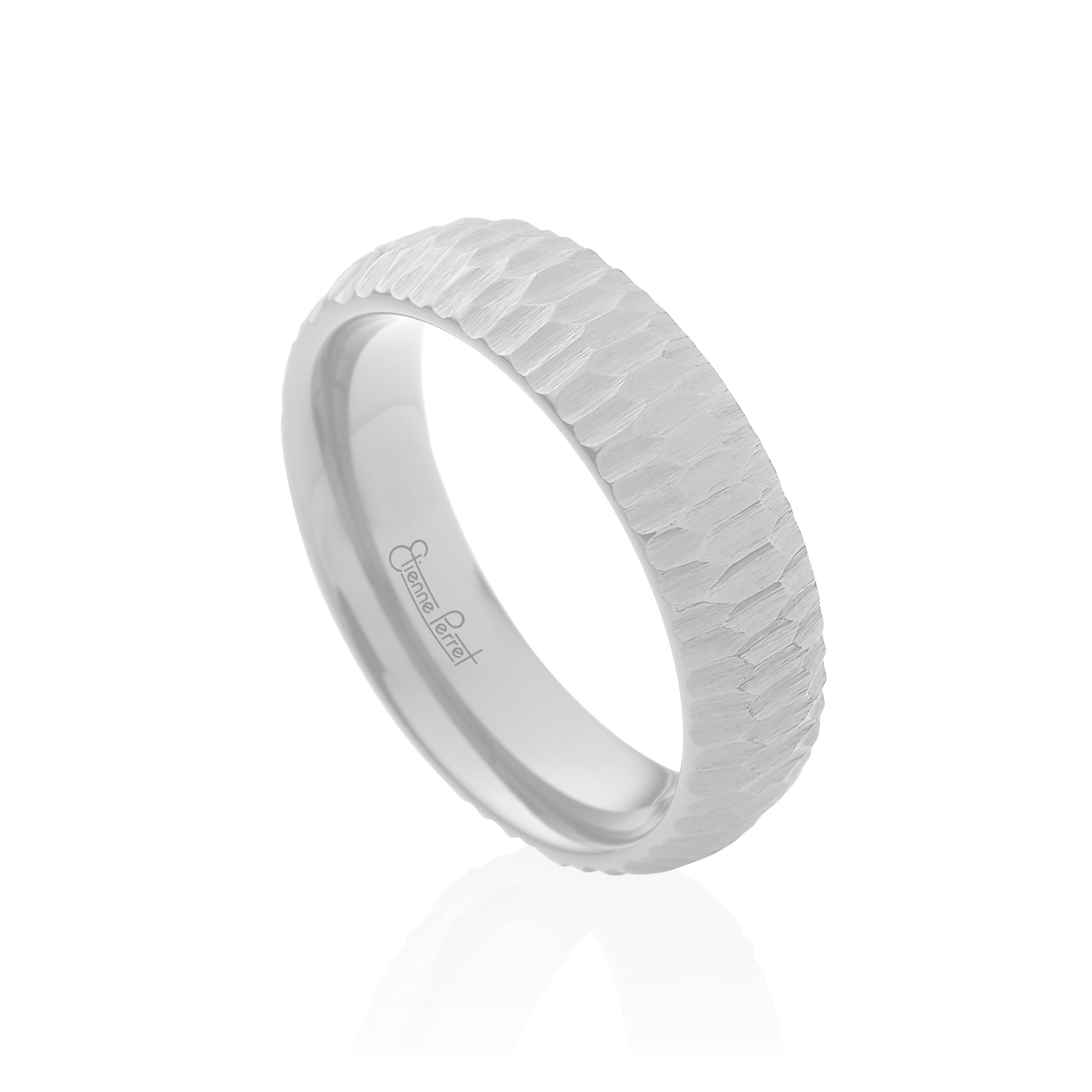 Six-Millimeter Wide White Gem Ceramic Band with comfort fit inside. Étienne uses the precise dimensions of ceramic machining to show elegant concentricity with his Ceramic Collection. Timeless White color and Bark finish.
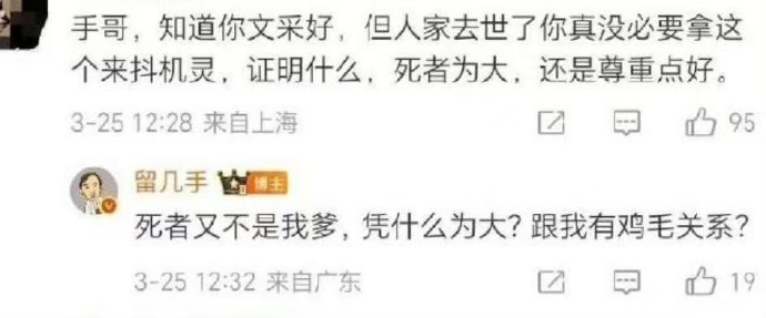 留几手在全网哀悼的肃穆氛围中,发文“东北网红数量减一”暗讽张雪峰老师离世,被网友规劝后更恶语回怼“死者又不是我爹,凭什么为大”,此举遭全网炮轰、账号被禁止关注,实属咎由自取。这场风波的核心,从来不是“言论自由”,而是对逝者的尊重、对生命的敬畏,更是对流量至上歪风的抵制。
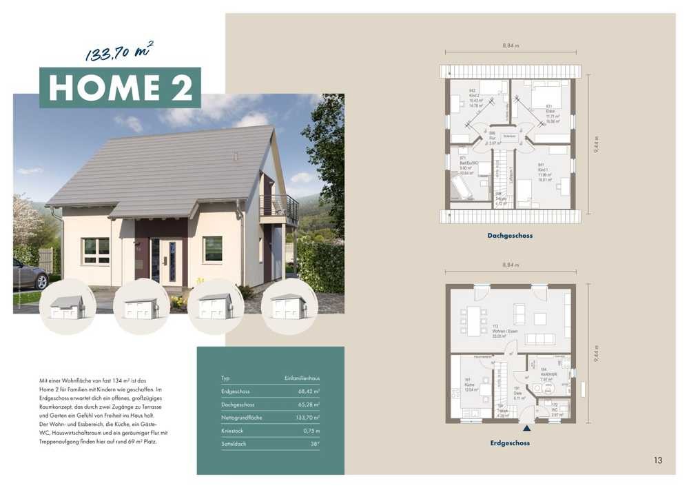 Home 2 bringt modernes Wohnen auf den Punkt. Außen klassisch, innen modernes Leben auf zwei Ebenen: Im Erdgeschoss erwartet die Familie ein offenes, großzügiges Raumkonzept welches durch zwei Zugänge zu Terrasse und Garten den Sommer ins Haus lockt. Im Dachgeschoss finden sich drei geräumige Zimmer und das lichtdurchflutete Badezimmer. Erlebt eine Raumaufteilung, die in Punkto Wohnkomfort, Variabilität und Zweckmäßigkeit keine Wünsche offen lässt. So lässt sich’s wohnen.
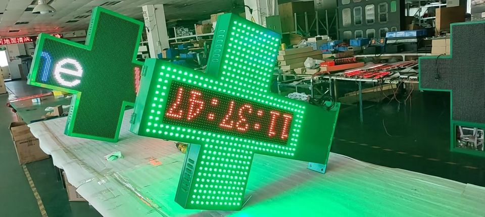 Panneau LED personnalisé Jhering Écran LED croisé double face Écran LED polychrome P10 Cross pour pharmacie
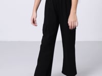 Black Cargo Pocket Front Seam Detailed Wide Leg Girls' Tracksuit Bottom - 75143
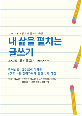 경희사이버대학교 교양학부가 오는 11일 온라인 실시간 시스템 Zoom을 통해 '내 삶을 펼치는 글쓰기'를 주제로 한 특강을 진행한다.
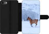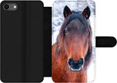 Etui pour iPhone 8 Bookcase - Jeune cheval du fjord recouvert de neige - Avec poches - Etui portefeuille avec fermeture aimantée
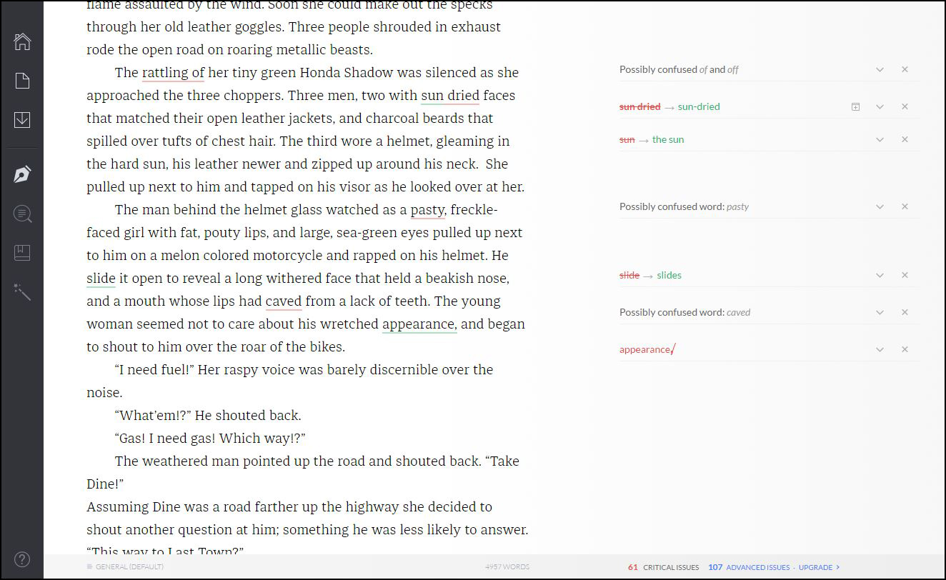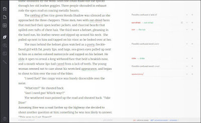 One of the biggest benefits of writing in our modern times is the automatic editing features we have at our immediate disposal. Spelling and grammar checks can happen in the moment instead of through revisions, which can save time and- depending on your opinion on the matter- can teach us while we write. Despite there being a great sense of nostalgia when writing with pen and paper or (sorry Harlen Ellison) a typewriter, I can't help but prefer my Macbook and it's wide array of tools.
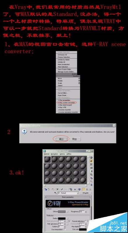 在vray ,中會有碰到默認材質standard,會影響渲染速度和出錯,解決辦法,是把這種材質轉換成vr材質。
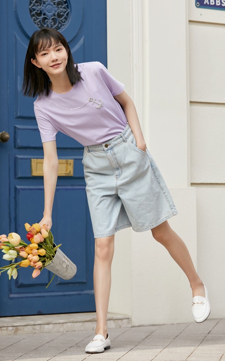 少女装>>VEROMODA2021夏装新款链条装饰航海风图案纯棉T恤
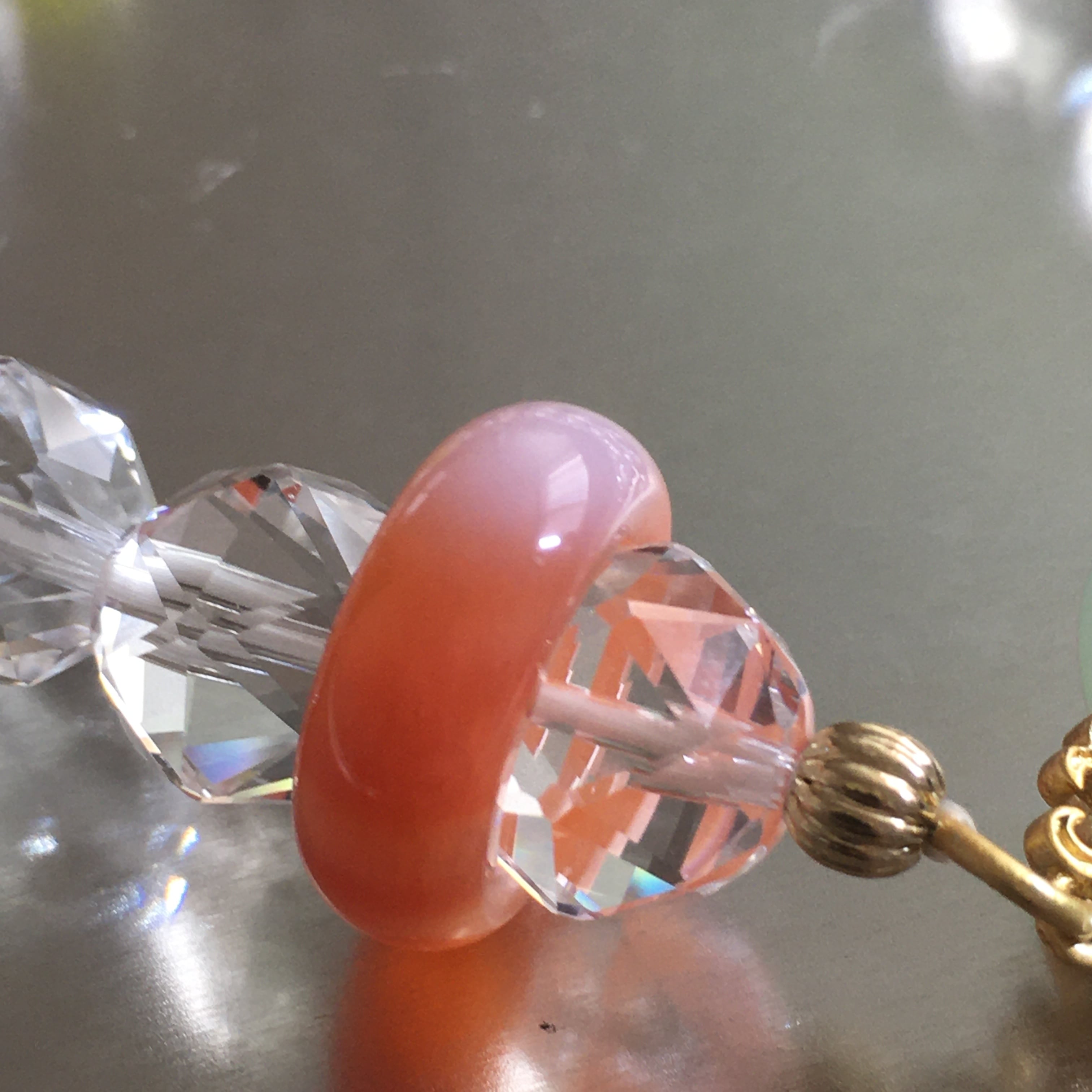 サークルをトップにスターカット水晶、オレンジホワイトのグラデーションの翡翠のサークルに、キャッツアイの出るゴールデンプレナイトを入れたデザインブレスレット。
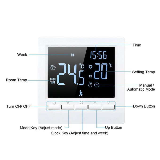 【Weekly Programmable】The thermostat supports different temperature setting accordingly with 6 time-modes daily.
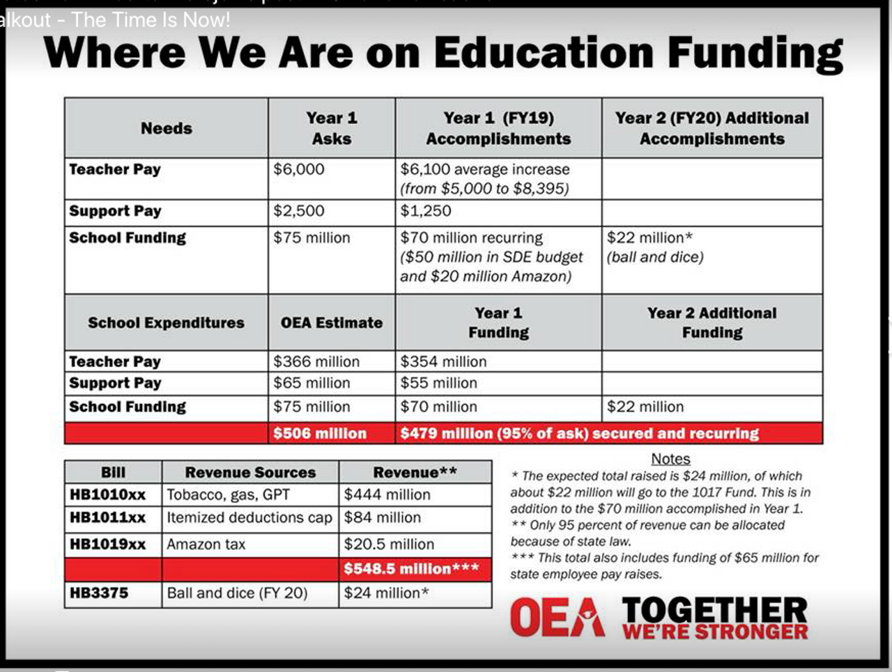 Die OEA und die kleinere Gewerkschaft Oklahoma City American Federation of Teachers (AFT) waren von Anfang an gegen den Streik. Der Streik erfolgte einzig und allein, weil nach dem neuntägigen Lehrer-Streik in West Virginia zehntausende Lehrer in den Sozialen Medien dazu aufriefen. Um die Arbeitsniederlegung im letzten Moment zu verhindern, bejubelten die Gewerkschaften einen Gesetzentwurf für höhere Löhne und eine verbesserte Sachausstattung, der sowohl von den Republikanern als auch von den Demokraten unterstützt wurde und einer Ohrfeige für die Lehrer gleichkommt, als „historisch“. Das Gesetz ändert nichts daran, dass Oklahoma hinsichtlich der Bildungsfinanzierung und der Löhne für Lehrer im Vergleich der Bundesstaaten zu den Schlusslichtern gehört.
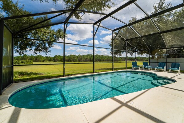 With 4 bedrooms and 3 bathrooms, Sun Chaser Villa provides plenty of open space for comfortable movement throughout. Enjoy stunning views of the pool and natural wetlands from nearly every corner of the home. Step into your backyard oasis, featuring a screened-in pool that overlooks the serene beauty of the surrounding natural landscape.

- Exercise aim -
Please set down exactly the lines from the first line of the data above through the line with "留几手在全网哀悼的肃穆氛围中", both included, leaving out the pictures.

- Written response -
 Six-Millimeter Wide White Gem Ceramic Band with comfort fit inside. Étienne uses the precise dimensions of ceramic machining to show elegant concentricity with his Ceramic Collection. Timeless White color and Bark finish.
 留几手在全网哀悼的肃穆氛围中,发文“东北网红数量减一”暗讽张雪峰老师离世,被网友规劝后更恶语回怼“死者又不是我爹,凭什么为大”,此举遭全网炮轰、账号被禁止关注,实属咎由自取。这场风波的核心,从来不是“言论自由”,而是对逝者的尊重、对生命的敬畏,更是对流量至上歪风的抵制。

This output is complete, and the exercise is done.